- EXERCISE INSTRUCTIONS
Nothing outside the range is to be copied. From the entries below, reproduce exactly the lines starting at the one with "Sac à bandoulière" and ending at the one with "Soudabond Easy Genius", without pictures.

- PROVIDED DATA
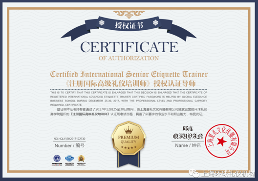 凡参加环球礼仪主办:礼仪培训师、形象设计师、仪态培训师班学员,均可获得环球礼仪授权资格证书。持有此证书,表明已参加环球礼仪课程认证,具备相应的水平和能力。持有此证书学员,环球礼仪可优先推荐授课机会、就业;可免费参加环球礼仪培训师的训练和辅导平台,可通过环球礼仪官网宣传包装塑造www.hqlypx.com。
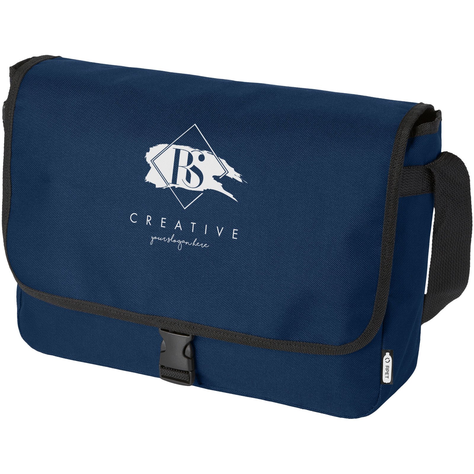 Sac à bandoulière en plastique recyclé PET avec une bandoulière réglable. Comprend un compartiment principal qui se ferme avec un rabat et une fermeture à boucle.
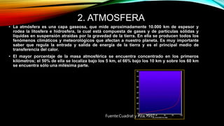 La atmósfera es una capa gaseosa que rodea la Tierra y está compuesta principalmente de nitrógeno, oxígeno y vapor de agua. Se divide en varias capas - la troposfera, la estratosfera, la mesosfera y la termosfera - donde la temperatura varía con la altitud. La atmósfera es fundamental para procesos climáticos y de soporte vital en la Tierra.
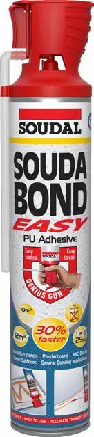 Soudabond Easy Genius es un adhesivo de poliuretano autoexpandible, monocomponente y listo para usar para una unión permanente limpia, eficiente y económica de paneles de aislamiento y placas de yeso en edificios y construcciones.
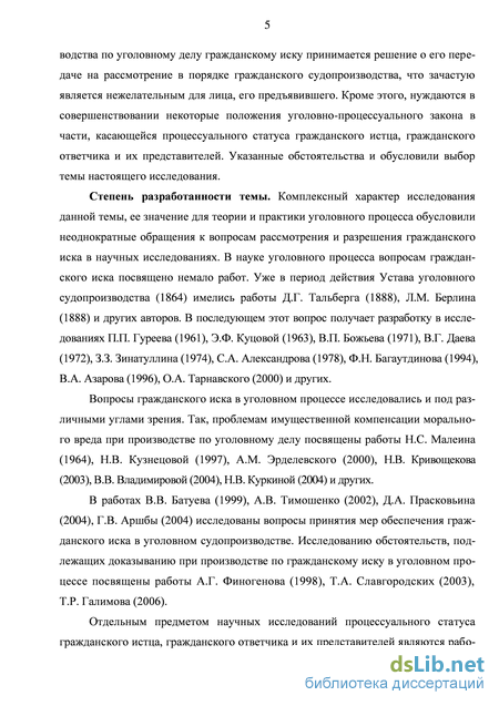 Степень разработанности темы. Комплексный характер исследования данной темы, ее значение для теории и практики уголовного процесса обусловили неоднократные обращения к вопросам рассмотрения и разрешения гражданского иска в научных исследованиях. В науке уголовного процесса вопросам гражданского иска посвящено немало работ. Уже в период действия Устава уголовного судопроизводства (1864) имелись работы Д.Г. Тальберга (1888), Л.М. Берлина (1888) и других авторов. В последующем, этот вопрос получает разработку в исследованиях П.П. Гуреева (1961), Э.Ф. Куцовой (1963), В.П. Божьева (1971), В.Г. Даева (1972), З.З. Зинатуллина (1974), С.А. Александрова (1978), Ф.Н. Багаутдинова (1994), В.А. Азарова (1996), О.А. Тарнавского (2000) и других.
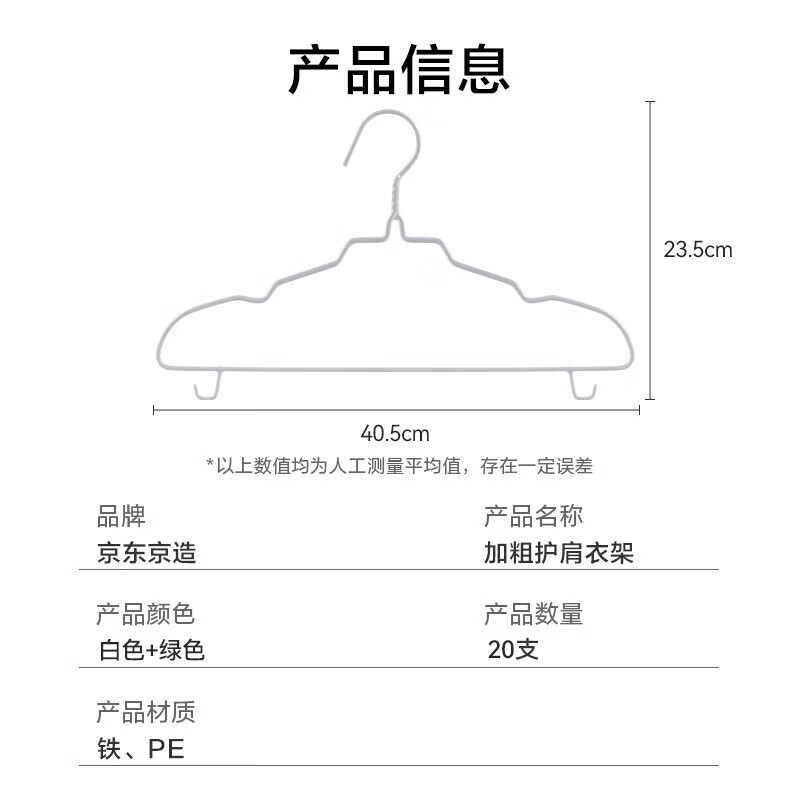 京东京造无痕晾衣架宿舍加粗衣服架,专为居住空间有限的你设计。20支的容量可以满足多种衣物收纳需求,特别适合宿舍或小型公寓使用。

- EXERCISE RESULT
 Sac à bandoulière en plastique recyclé PET avec une bandoulière réglable. Comprend un compartiment principal qui se ferme avec un rabat et une fermeture à boucle.
 La atmósfera es una capa gaseosa que rodea la Tierra y está compuesta principalmente de nitrógeno, oxígeno y vapor de agua. Se divide en varias capas - la troposfera, la estratosfera, la mesosfera y la termosfera - donde la temperatura varía con la altitud. La atmósfera es fundamental para procesos climáticos y de soporte vital en la Tierra.
 Soudabond Easy Genius es un adhesivo de poliuretano autoexpandible, monocomponente y listo para usar para una unión permanente limpia, eficiente y económica de paneles de aislamiento y placas de yeso en edificios y construcciones.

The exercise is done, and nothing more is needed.